Allergic reactions: possible pruritus, hemorrhagic eruption; in single cases - exfoliative dermatitis, urticaria, Lyell syndrome, Stevens-Johnson syndrome, anaphylactic shock, bronchospasm, angioedema, myalgia.
Local reactions: pain at the injection site.
Erosive-ulcerative lesions of the gastrointestinal tract in acute phase, the presence or suspicion of gastrointestinal bleeding and / or cranio-cerebral hemorrhage, blood clotting in the history of the state with a high risk of haemorrhage or incomplete haemostasis, bleeding diathesis, moderate and severe renal dysfunction (serum creatinine content greater than 50 mg / L), risk of renal failure in hypovolaemia and dehydration, "aspirin triad", bronchial asthma, nasal polyps, angioedema in the history, prophylactic analgesia before surgery and during surgery, childhood and adolescence to 16 years, pregnancy, childbirth, lactation, hypersensitivity to ketorolac, aspirin and other NSAIDs.
Using during pregnancy and breastfeeding
Toradol is contraindicated in pregnancy, childbirth and lactation (breastfeeding). Ketorolac is contraindicated for use as a tool for sedation, maintenance of anesthesia and analgesia in obstetric practice, because under its influence may increase the duration first stage of labor. In addition, this medication may inhibit the contractility of uterine and fetal circulation.
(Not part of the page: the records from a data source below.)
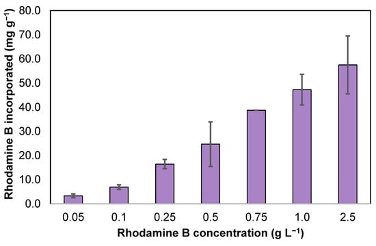 ZIF-8 was prepared in aqueous solutions containing different concentrations of rhodamine B, and a method to monitor the amount of rhodamine B encapsulated in the obtained crystals was developed. The aim of this preliminary screening is to obtain the ZIF-8 with the highest rhodamine B uptake. In order to be able to quantify the amount of rhodamine B in the ZIF-8 crystals, a calibration curve of rhodamine B in water was carried out using UV-vis spectrophotometry in the range of 1–5 mg L−1 of rhodamine B (y = 0.1848x − 0.0027; R2, 0.9996). Rhodamine B was added to the 2-methylimidazole aqueous solutions to a resulting concentration of 0.05, 0.1, 0.25, 0.5, 0.75, 1.0, 2.5 g L−1. To examine the amount of rhodamine B encapsulated within each of the synthesized solids, an experiment was undertaken wherein 5 mg of each solid sample was placed in a solution of EDTA (0.1 mol L−1, 5 mL). The resulting solutions were placed in an orbital shaker until the solids have completely dissolved. EDTA was employed for dissolution of the resulting Zn(II)/2-methylimidazole-based solids as the EDTA binds to the zinc as a chelating ligand and replaces the 2-methylimidazole, forming a water-soluble Zn-EDTA complex. The absorbance of the released rhodamine B was then measured using UV-vis spectrophotometry. Figure 2 shows a clear trend regarding an increasing amount of rhodamine B incorporated into the obtained precipitates based on Zn(II) and 2-methylimidazole, while increasing the concentration of rhodamine B in the synthesis step up to a concentration of 2.5 g L−1.
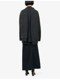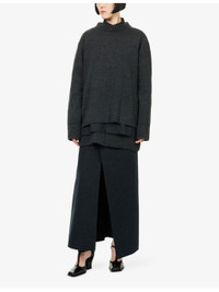 PRODUCT DETAILS - sacai wool knitted dress - 100% wool; contrast 100% polyester - Relaxed fit, pointed collar, dropped shoulders, long sleeves, ribbed trims, contrast underlayer, side slits, slit at back - Specialist dry clean only - Made in Japan - True to size - Model is 5ft 10in/1.78m and wears a size small - Midweight, non-stretch Ref: R04519961
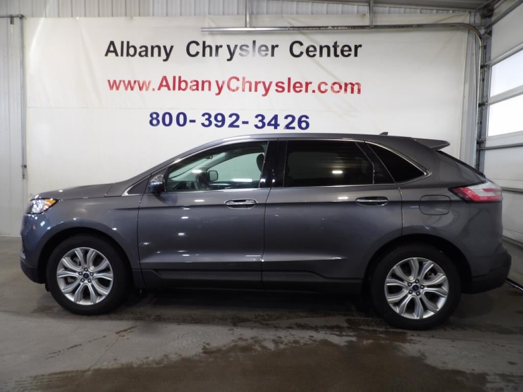 You can find this 2022 Ford Edge Titanium and many others like it at Albany Chrysler Center, Inc.. The Ford Edge Titanium offers a fair amount of utility thanks to its advanced features and unique styling. It's also quite sporty, and injects an ample amount of handling chutzpah into the ridin'-high body of a family-friendly SUV. Quality and prestige abound with this Ford Edge Titanium. Hit the gas pedal and put the engine power to all four wheels. With AWD, you'll have the greater performance right off the line, every time you drive. Intricately stitched leather and ergonomic design seats are among the details in which test drivers say that Ford Edge Titanium is in a league of its own
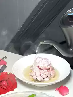 The presentation is exceptional, and the broth is sweet and savory. Made with hibiscus flowers from Zhangzhou, Fujian. Using scallops, maitake mushrooms, and hydrangea mushrooms to create a broth, add the hibiscus flowers. 🌷 Served when the hibiscus flowers are 50% ripe.

Category of the fetus by FDA - C.
Toradol is used with caution in patients with impaired liver function and kidney failure, congestive heart failure, hypertension, patients with erosive and ulcerative lesions of the gastrointestinal tract and bleeding from the gastrointestinal tract in history.
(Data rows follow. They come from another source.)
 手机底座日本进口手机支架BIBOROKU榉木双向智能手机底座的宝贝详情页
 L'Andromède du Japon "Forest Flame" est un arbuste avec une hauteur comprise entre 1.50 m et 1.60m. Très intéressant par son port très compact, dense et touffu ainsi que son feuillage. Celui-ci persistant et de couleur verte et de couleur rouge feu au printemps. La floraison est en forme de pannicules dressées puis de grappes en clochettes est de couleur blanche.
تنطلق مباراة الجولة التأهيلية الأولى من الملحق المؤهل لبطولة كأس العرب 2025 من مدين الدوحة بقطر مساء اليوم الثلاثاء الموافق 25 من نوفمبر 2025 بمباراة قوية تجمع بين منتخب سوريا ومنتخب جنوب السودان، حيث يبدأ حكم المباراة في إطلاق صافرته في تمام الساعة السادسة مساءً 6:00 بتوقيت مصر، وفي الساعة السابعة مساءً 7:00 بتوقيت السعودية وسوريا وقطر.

This drug should be used with caution in the postoperative period in cases that require especially careful hemostasis (including after resection of the prostate, tonsillectomy, in cosmetic surgery) as well as in patients with old age, because half-life of ketorolac is lengthened, and the plasma clearance may be reduced.
If during the treatment by ketorolac drowsiness, dizziness, insomnia or depression appear you must be very careful while playing in potentially hazardous activities that require attention and psychomotor speed of reaction.
Toradol drug interactions
When this drug applied simultaneously with:
- other NSAIDs may develop additive effects
- pentoxifylline, anticoagulants (heparin, including in low-dose) may increase the risk of bleeding
- ACE inhibitors may increase the risk of renal dysfunction
- probenecid increases the concentration of ketorolac in plasma and its half-life period
- lithium therapy may reduce renal clearance of lithium and increase its concentration in plasma
- furosemide - a decrease in its diuretic action.
During taking Toradol the need for opioid analgesics to pain relief reduces.
Toradol in case of emergency / overdose
Symptoms: lethargy, drowsiness, nausea, vomiting, abdominal pain, the occurrence of peptic ulcers of stomach and / or erosive gastritis, renal failure, metabolic acidosis.
Treatment: symptomatic therapy, the maintenance of vital body functions. The specific antidote is not found. Toradol is not excreted sufficiently by dialysis.